EXERCISE REQUIREMENTS | An exact transcription of all the data is required; the pictures are to be left out.

'''

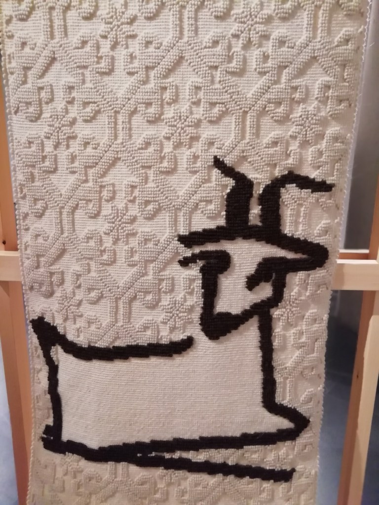 Gli arazzi creati per rivestire le undici ‘stele’ del momumento citano alcune figure femminili degli scritti di Grazia Deledda, ma anche disegni di caprette, animale in cui Maria Lai amava identificarsi, e ‘scrittura indecifrabile’, insieme di segni di una poesia radicata nella memoria.
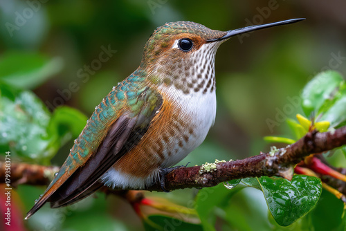 Obraz premium Hummingbird Perched on Branch in the Rain
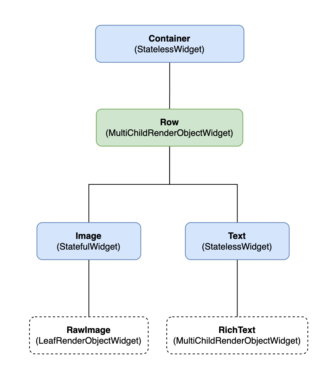 그렇기 때문에 RenderObjectWidget에 대해서만 Widget -> RenderObjectElement -> RenderObject의 관계를 가진다.
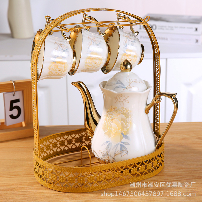 Set: 1 kettle, 6 cups, 6 plates, 1 stand
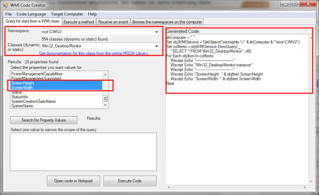 Set colItems = objWMIService.ExecQuery("SELECT * FROM Win32_DesktopMonitor",,48)
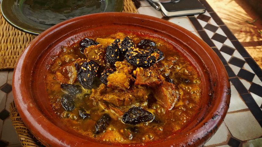Resans bästa mat äter vi på Hotel Kasbah Sahara Services i M’hamid – en trerätters för 130 kr per person där huvudrätten är kött med plommon. Det är även detta hotell som äger tältcampen vid sanddynerna Erg Chigaga som vi är på väg till.
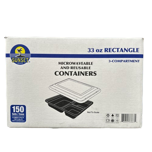 $65.00 Sunset 150 Sets 33oz Rectangle 3 Compartment Container |
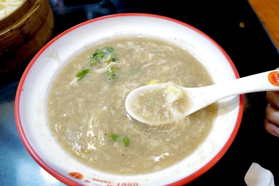 雞絲糝湯也是店裏特色,像是加了胡椒的粥,黏稠的一碗。湯層級豐富,入口綿密帶着點顆粒感,喝完胃是暖的。

'''

EXERCISE RESPONSE |
 Gli arazzi creati per rivestire le undici ‘stele’ del momumento citano alcune figure femminili degli scritti di Grazia Deledda, ma anche disegni di caprette, animale in cui Maria Lai amava identificarsi, e ‘scrittura indecifrabile’, insieme di segni di una poesia radicata nella memoria.
 Obraz premium Hummingbird Perched on Branch in the Rain
 그렇기 때문에 RenderObjectWidget에 대해서만 Widget -> RenderObjectElement -> RenderObject의 관계를 가진다.
 Set: 1 kettle, 6 cups, 6 plates, 1 stand
 Set colItems = objWMIService.ExecQuery("SELECT * FROM Win32_DesktopMonitor",,48)
Resans bästa mat äter vi på Hotel Kasbah Sahara Services i M’hamid – en trerätters för 130 kr per person där huvudrätten är kött med plommon. Det är även detta hotell som äger tältcampen vid sanddynerna Erg Chigaga som vi är på väg till.
 $65.00 Sunset 150 Sets 33oz Rectangle 3 Compartment Container |
 雞絲糝湯也是店裏特色,像是加了胡椒的粥,黏稠的一碗。湯層級豐富,入口綿密帶着點顆粒感,喝完胃是暖的。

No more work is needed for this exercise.